YOLA, Nigeria (AP) — Hundreds of bodies — too many to count — remain strewn in the bush in Nigeria from an Islamic extremist attack that Amnesty International suggested Friday is the "deadliest massacre" in the history of Boko Haram.

Mike Omeri, the government spokesman on the insurgency, said fighting continued Friday for Baga, a town on the border with Chad where insurgents seized a key military base on Jan. 3 and attacked again on Wednesday.

"Security forces have responded rapidly, and have deployed significant military assets and conducted airstrikes against militant targets," Omeri said in a statement.

District head Baba Abba Hassan said most victims are children, women and elderly people who could not run fast enough when insurgents drove into Baga, firing rocket-propelled grenades and assault rifles on town residents.
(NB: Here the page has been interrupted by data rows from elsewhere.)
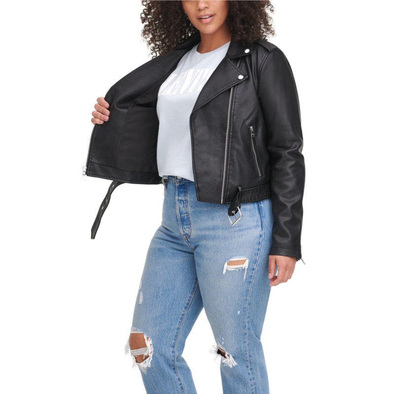 [US] Levi s Water Repellent Faux Leather Fashion Belted Moto Jacket
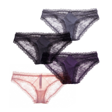 性感睫毛蕾丝透明女士低腰三角内裤 灰/肤/紫/黑/粉 5色
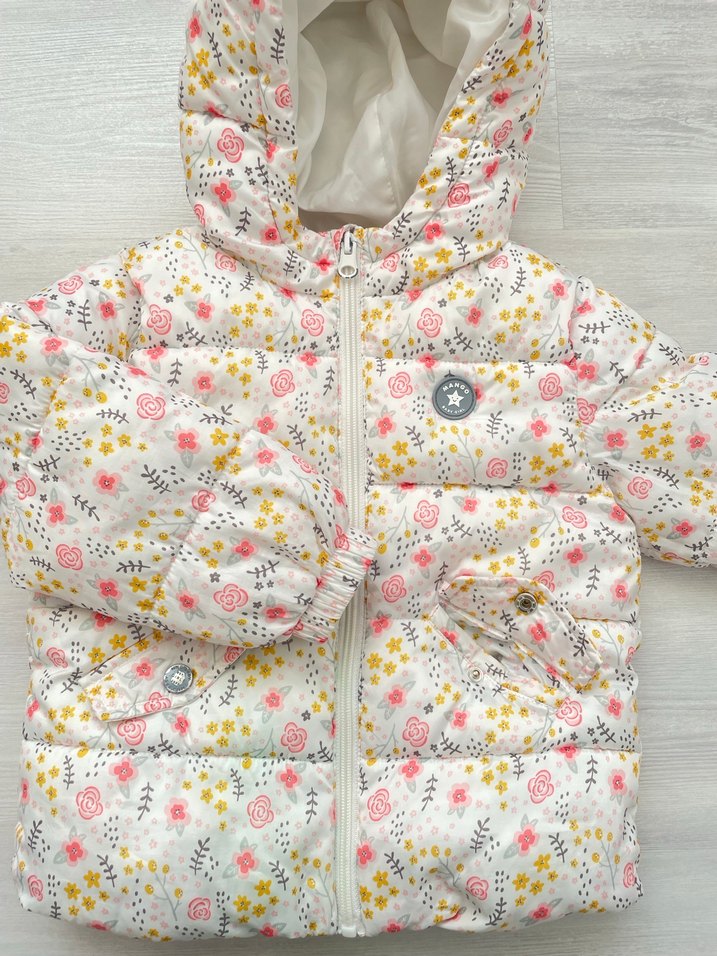Mango Kız Çocuk Mont, Orjinaldir, Az kullanılmıştır, Herhangi bir deformasyon yoktur, Ceplidir, İçi polarlıdır, Detaylı iç etiket fotoğraflarda mevcuttur, En:36 cm, Boy:38 cm, 3-4 yaş, Beyaz üstü mini çiçekli
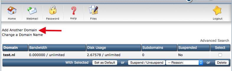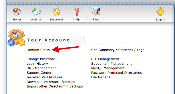 De eerste stap met het koppelen van een extern domein aan het hosting pakket, is het toevoegen van het domein binnen DirectAdmin. Dit doen we in DirectAdmin via het menu Domain setup welke je links bovenaan in DirectAdmin vind. Op onderstaande afbeelding staat het met een pijl aangegeven.
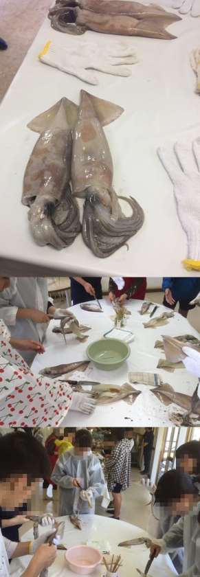 2日目のイベント、イカの一夜干し体験です。地元の人に教わりながらイカをさばいています。軍手と大きさを比較してください。
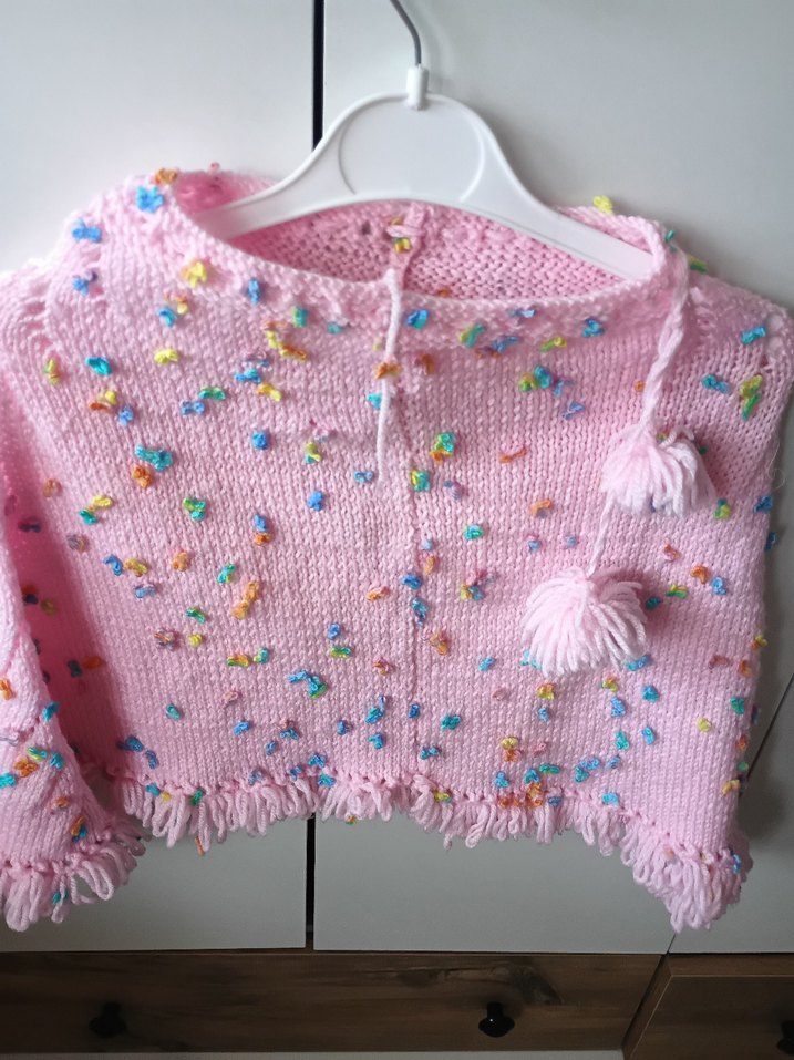 Pembe renkli, uzun kollu, bohem tarzda, renkli nakış detaylı, bol kesim örgü kız hırkası.
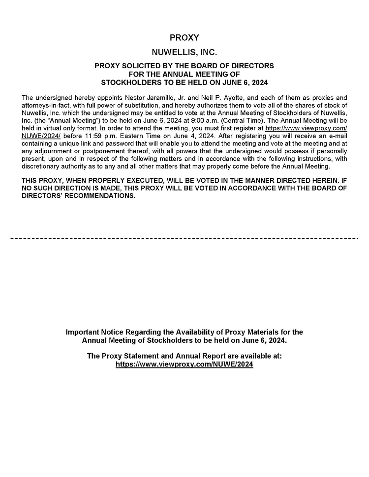 PROXY NUWELLIS, INC. PROXY SOLICITED BY THE BOARD OF DIRECTORS FOR THE ANNUAL MEETING OF STOCKHOLDERS TO BE HELD ON JUNE 6, 2024 The undersigned hereby appoints Nestor Jaramillo, Jr. and Neil P. Ayotte, and each of them as proxies and attorneys-in-fact, with full power of substitution, and hereby authorizes them to vote all of the shares of stock of Nuwellis, Inc. which the undersigned may be entitled to vote at the Annual Meeting of Stockholders of Nuwellis, Inc. (the "Annual Meeting") to be held on June 6, 2024 at 9:00 a.m. (Central Time). The Annual Meeting will be held in virtual only format. In order to attend the meeting, you must first register at https://www.viewproxy.com/ NUWE/2024/ before 11:59 p.m. Eastern Time on June 4, 2024. After registering you will receive an e-mail containing a unique link and password that will enable you to attend the meeting and vote at the meeting and at any adjournment or postponement thereof, with all powers that the undersigned would possess if personally present, upon and in respect of the following matters and in accordance with the following instructions, with discretionary authority as to any and all other matters that may properly come before the Annual Meeting. THIS PROXY, WHEN PROPERLY EXECUTED, WILL BE VOTED IN THE MANNER DIRECTED HEREIN. IF NO SUCH DIRECTION IS MADE, THIS PROXY WILL BE VOTED IN ACCORDANCE WITH THE BOARD OF DIRECTORS' RECOMMENDATIONS. Important Notice Regarding the Availability of Proxy Materials for the Annual Meeting of Stockholders to be held on June 6, 2024. The Proxy Statement and Annual Report are available at: https://www.viewproxy.com/NUWE/2024 The Board of Directors recommends a vote "FOR" the following: Proposal 1. To elect two Class II directors named in the accompanying proxy statement, each to serve for a three-year term or until her successor has been duly elected and qualified. FOR ALL WITHHOLD ALL FOR ALL EXCEPT NOMINEES: . . . (1) Maria Rosa Costanzo, M.D. . (2) Archelle Georgiou, M.D. . INSTRUCTIONS: To withhold authority to vote for any individual nominee(s), mark "FOR ALL EXCEPT" and mark the box for each nominee you wish to withhold. DO NOT PRINT IN THIS AREA (Stockholder Name Address Data) Date Signature Signature (if held jointly) Address Change/Comments: (If you noted any Address Changes and/or Comments above, please mark box.) . CONTROL NUMBER Please mark your votes like this . The Board of Directors recommends a vote "FOR" Proposals 2, 3, 5, 6 and 7, and "FOR" every "THREE YEARS" for Proposal 4. Proposal 2. Proposal 3. Proposal 4. Proposal 5. Proposal 6. Proposal 7. To approve an amendment to our Fourth Amended and Restated Certificate of Incorporation, as amended, to effect a reverse split of our outstanding common stock at a ratio in the range of 1-for-5 to 1-for-70 to be determined at the discretion of our Board of Directors, whereby each outstanding 5 to 70 common shares would be combined, converted and changed into 1 share of our common stock, to enable the Company to comply with the Nasdaq Stock Market's continued listing requirements. FOR . AGAINST . ABSTAIN . To approve, on an advisory basis, the compensation of our named executive officers as disclosed in the accompanying proxy statement. FOR . AGAINST . ABSTAIN . To approve, on an advisory basis, the frequency of the advisory vote on the compensation of our named executive officers. ONE YEAR . TWO YEARS . THREE YEARS . To approve, on an advisory basis, Baker Tilly US, LLP as our independent registered public accounting firm for the year ending December 31, 2024. FOR . AGAINST . ABSTAIN . To approve, for the purpose of complying with the applicable provisions of The Nasdaq Stock Market LLC ("Nasdaq"), the anti-dilution provisions set forth in our common warrants issued to institutional investors in connection with our offering that closed on April 29, 2024. FOR . AGAINST . ABSTAIN . To authorize one or more adjournments of the annual meeting to solicit additional proxies in the event there are insufficient votes to approve Proposal 2 described above. FOR . AGAINST . ABSTAIN . NOTE: This proxy should be marked, dated, and signed by each stockholder exactly as such stockholder's name appears hereon, and returned promptly in the enclosed envelope. When shares are held jointly, each holder should sign. When signing as an executor, administrator, attorney, trustee, or guardian, please give full title as such. If the signatory is a corporation, please sign full corporate name by duly authorized officer, giving full title as such. If the signatory is a partnership, please sign in the partnership name by authorized person. . PLEASE DETACH ALONG PERFORATED LINE AND MAIL IN THE ENVELOPE PROVIDED. o CONTROL NUMBER PROXY VOTING INSTRUCTIONS Please have your 11-digit control number ready when voting by Internet or Telephone. INTERNET Vote Your Proxy on the Internet: Go to www.FCRvote.com/NUWE Have your proxy card available when you access the above website. Follow the prompts to vote your shares. TELEPHONE Vote Your Proxy by Phone: Call 1-866-402-3905 Use any touch-tone telephone to vote your proxy. Have your proxy card available when you call. Follow the voting instructions to vote your shares. MAIL Vote Your Proxy by Mail: Mark, sign, and date your proxy card, then detach it, and return it in the postage-paid envelope provided.
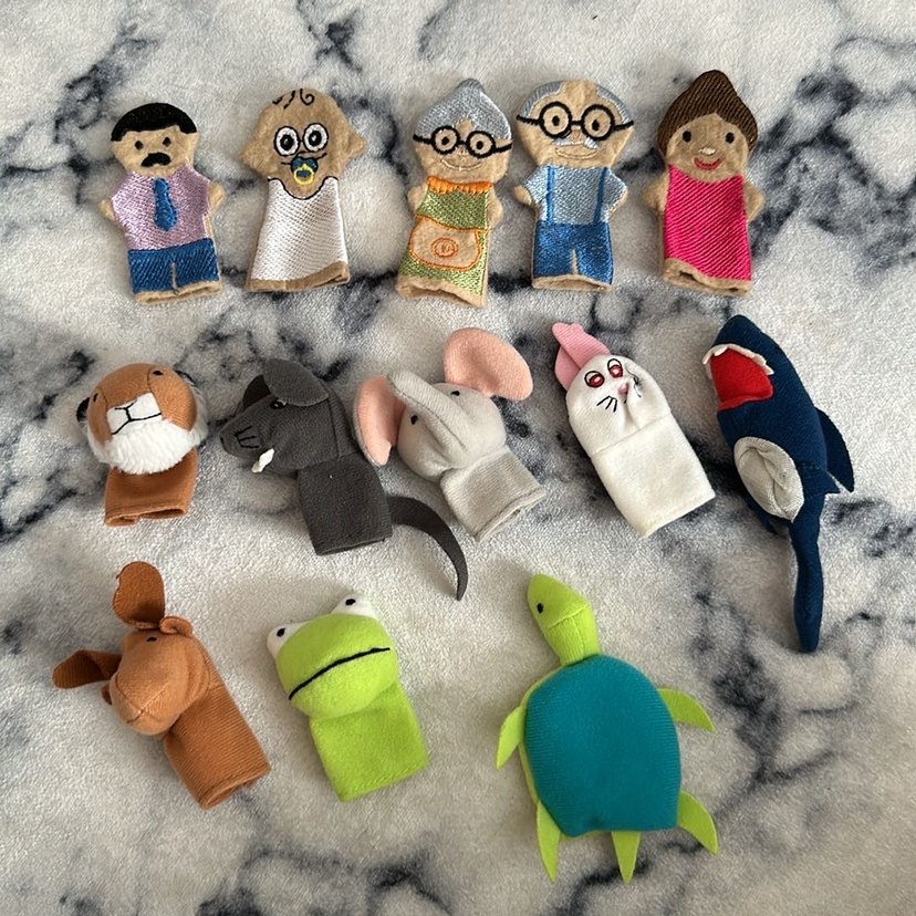 Yumuşak kumaştan yapılmış çeşitli karakter ve hayvan figürlü renkli parmak kuklaları seti.

"The human carnage perpetrated by Boko Haram terrorists in Baga was enormous," Muhammad Abba Gava, a spokesman for poorly armed civilians in a defense group that fights Boko Haram, told The Associated Press.

He said the civilian fighters gave up on trying to count all the bodies. "No one could attend to the corpses and even the seriously injured ones who may have died by now," Gava said.

An Amnesty International statement said there are reports the town was razed and as many as 2,000 people killed.

If true, "this marks a disturbing and bloody escalation of Boko Haram's ongoing onslaught," said Daniel Eyre, Nigeria researcher for Amnesty International.

In Washington, U.S. State Department Spokesman Jen Psaki condemned the attacks.

"We urge Nigeria and its neighbors to take all possible steps to address the urgent threat of Boko Haram. Even in the face of these horrifying attacks, terrorist organizations like Boko Haram must not distract Nigeria from carrying out credible and peaceful elections that reflect the will of the Nigerian people," Psaki said in a statement.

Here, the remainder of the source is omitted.